AWS Certified Machine Learning – Specialty — Question 325
A company that operates oil platforms uses drones to photograph locations on oil platforms that are difficult for humans to access to search for corrosion.
Experienced engineers review the photos to determine the severity of corrosion. There can be several corroded areas in a single photo. The engineers determine whether the identified corrosion needs to be fixed immediately, scheduled for future maintenance, or requires no action. The corrosion appears in an average of 0.1% of all photos.
A data science team needs to create a solution that automates the process of reviewing the photos and classifying the need for maintenance.
Which combination of steps will meet these requirements? (Choose three.)
Answer options
- A. Use an object detection algorithm to train a model to identify corrosion areas of a photo.
- B. Use Amazon Rekognition with label detection on the photos.
- C. Use a k-means clustering algorithm to train a model to classify the severity of corrosion in a photo.
- D. Use an XGBoost algorithm to train a model to classify the severity of corrosion in a photo.
- E. Perform image augmentation on photos that contain corrosion.

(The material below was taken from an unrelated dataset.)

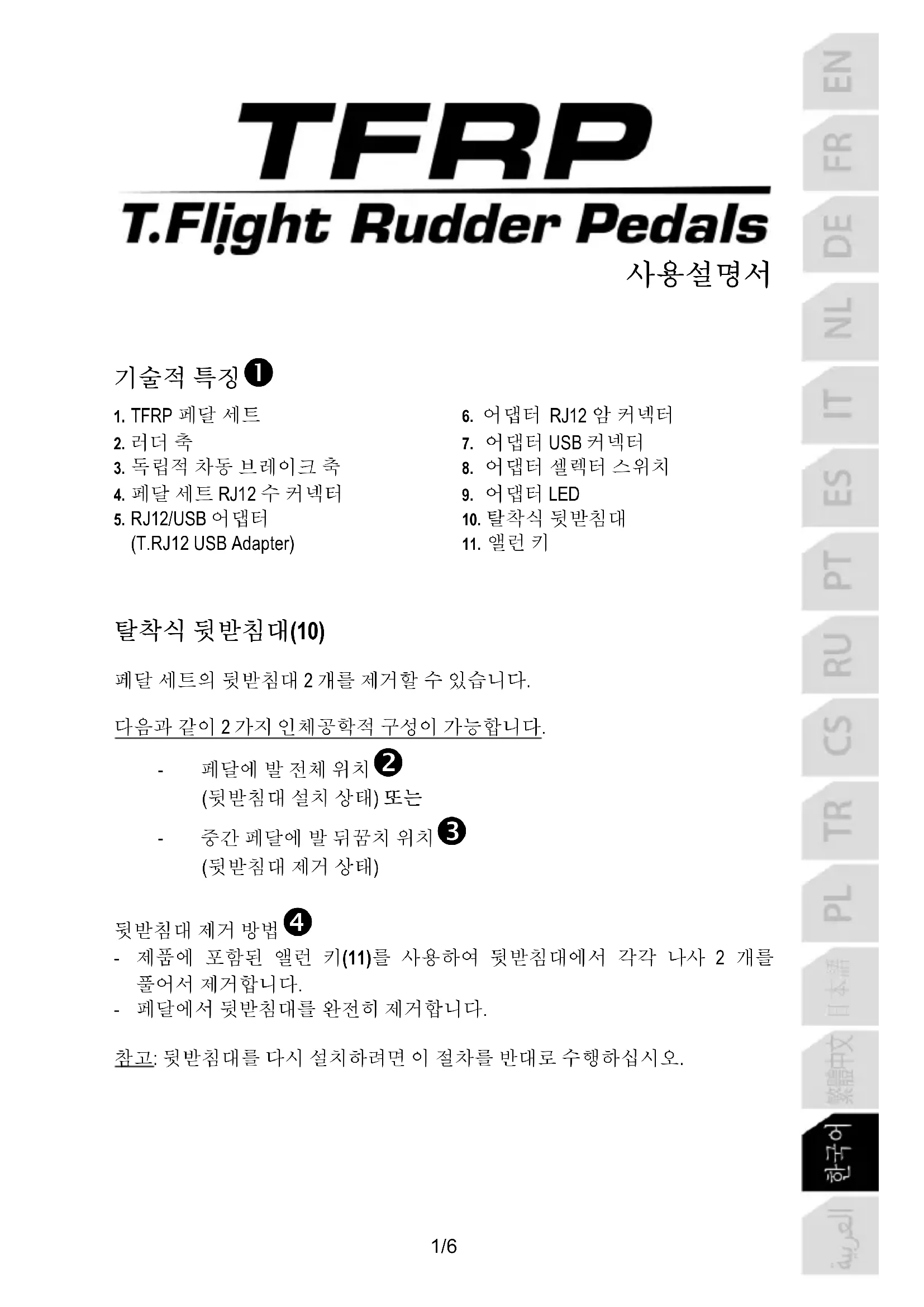 사용 설명서 TFRP TFlight Rudder Pedals THRUSTMASTER

- F. Perform image augmentation on photos that do not contain corrosion.
Correct answer: A, D, E
Explanation
An object detection algorithm (Option A) is necessary to locate and isolate multiple instances of corrosion within a single image. Because corrosion only appears in 0.1% of the images, applying image augmentation to the corrosion-positive images (Option E) is critical to address the extreme class imbalance. Finally, an XGBoost classifier (Option D) can be trained on tabular features extracted from the detected corrosion regions to accurately categorize the severity of the maintenance required.